# KDE4 - brak ikon

## ollerm

Cześć

Niedawno poznikały mi ikony w systemie. Nie pamiętam czy coś aktualizowałem. Ale raczej nie..

Brakuje ikon np Skype, Kppp, kadu, kmail, kgpg i innych.

Przeszukałem googla i nie znalazlem rozwiązania problemu.

Nie wiem co sie stało z tymi ikonami :/

Miał ktoś podobny problem?

----------

## Garrappachc

Spróbuj przebudować te pakiety, ikonki powinny wrócić.

----------

## dziadu

Ikony do KDE4 znajdują się w pakiecie oxygen-icons. Przeinstalowałeś go?

----------

## ollerm

niestety, to nic nie pomogło. Przepudowalem takśe mime db, ale z takim samym skutkiem.

#edit

a może przebudować wszystko? -e world..

----------

## Crenshaw

a zrob sobie nowego uzytkownika i sproboj czy tez jest zle?

----------

## ollerm

niestety, to samo. W menu brak ikon

----------

## dziadu

Sprawdz uprawnienia do plikow i katalogow, najlepiej rowniez do konfigow w /usr/share/config.

----------

## ollerm

a jakie powinny być? do icons i config mam root:root

----------

## dziadu

No to jest wlasciciel i grupa wiec raczej masz poprawne. A jak z rwxrwxrwx ?

----------

## ollerm

644...

http://wklej.org/hash/624588ba282/

w ikonach kombinowałem z 755, ale też nie bangla :/

----------

## dylon

Czy udalo Ci sie znalesc rozwiazanie?

Wlasnie mi sie to samo przydarzylo...  :Sad: 

----------

## ollerm

a właśnie zapomniałem napisać  :Very Happy: 

a więc.. z kde 4.3.5 zrobiłem upgrade do 4.4.0. Ikony sie nie pojawiły. Potem zrobiłem upgrade do 4.4.1. No i ikonki wróciły  :Smile: 

----------

## dylon

uhmm ja wlsanie mam 4.4.1 ale upgrade z 4.4.0  nie byl przyczyna znikniecia.

Na razie bezskuecznie przekompilowalem:

oxygen-icons

kdelibs

kdebase-menu

Czy ikony w menu moga byc zalezne od czegos jeszcze? 
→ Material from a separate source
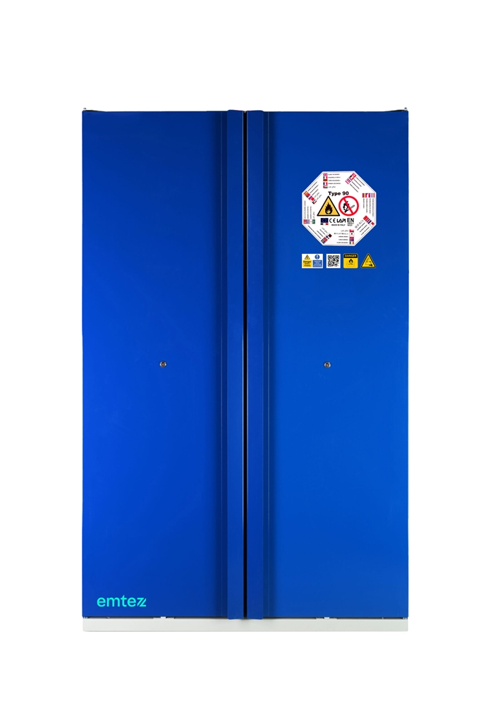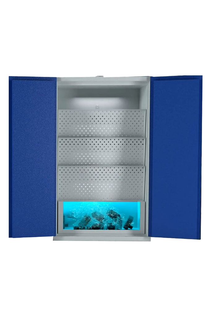 Armoire LithiumVault 2 portes avec extincteur FIREPRO, centrale incendie et racks de prises électriques. Armoire de sécurité conçue pour le stockage et le chargement des batteries lithium-ion. Dimensions extérieures (L x P x H) : 1200 x 600 x 2050 mm Dimensions intérieures (L x P x H) : 1095 x 446 x 1540 mm

Najbardziej mnie dziwi, ze ikony zniknely przy polowie programow kde oraz polowie innych niezwiazanych z kde... (np. vlc, nxclient, gimp etc.)

----------

## ollerm

no dokładnie. U mnie jak znikneły to też nie znałem powodu. Ja przekompilowałem całe KDE i usunełem konfiguracje z ~/

----------

## one_and_only

Coś ciekawego w ~/.xsession-errors? update-mime-database to było do aplikacji GTK, czy coś mi się pomyliło?

----------

## Dagger

__moze__ ma to cos wspolnego z media-libs/jpeg? Ostatnio byl update, i niestety trzeba przebudowac wszystkie pakiety ktore sie linkuja do libjpeg przy updacie.
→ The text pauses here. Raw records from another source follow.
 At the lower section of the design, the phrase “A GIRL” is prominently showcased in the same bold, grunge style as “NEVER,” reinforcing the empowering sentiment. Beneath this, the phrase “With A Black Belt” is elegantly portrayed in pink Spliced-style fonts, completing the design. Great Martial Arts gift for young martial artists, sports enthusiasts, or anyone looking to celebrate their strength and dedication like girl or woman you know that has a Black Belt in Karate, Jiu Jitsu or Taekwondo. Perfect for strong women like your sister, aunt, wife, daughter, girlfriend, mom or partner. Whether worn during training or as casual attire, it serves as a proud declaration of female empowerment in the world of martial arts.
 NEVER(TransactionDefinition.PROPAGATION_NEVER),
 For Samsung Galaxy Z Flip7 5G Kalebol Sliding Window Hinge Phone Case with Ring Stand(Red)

revdep-rebuild powinien pomoc.

----------

## ollerm

no właśnie revdep przechodził czysto, nic nie było do przebudowy

----------

## dylon

 *ollerm wrote:*   

> no właśnie revdep przechodził czysto, nic nie było do przebudowy

 

No wlasnie  :Sad: 

Dodatkow przebudowalem pakiety zwiazane z plasma:

kde-base/plasma-workspace 

kde-base/kdeplasma-addons 

kde-base/libplasmagenericshell 

kde-base/plasma-apps 

kde-base/plasma-runtime 

kde-base/plasma-workspace

co oprocz spocenia procesora  :Smile:  nie poprawilo sytuacji z ikonami  :Sad: 

 *one_and_only wrote:*   

> Coś ciekawego w ~/.xsession-errors? 

 

Chyba nie, choc mozliwe, ze cos mi w tym umyka... mam szukac czegos konkretnie?
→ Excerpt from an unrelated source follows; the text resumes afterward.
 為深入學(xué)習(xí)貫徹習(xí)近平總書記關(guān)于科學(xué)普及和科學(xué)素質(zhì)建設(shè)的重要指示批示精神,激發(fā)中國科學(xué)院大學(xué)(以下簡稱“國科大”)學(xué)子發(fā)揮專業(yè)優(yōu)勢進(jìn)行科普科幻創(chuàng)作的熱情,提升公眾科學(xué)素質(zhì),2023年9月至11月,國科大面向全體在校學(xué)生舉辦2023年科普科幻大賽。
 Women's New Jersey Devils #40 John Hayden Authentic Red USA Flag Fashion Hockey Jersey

Moze komus chcialoby sie rzucic okiem na te 1000 linii?  :Smile:  http://wklej.org/id/293426/

----------

## dylon

Walki ciag dalszy  :Smile: 

Zauwazylem, ze kde uznaje tylko ikony zawarte w: /usr/share/icons/oxygen/  a inne w katalogu /usr/share/icons ignoruje...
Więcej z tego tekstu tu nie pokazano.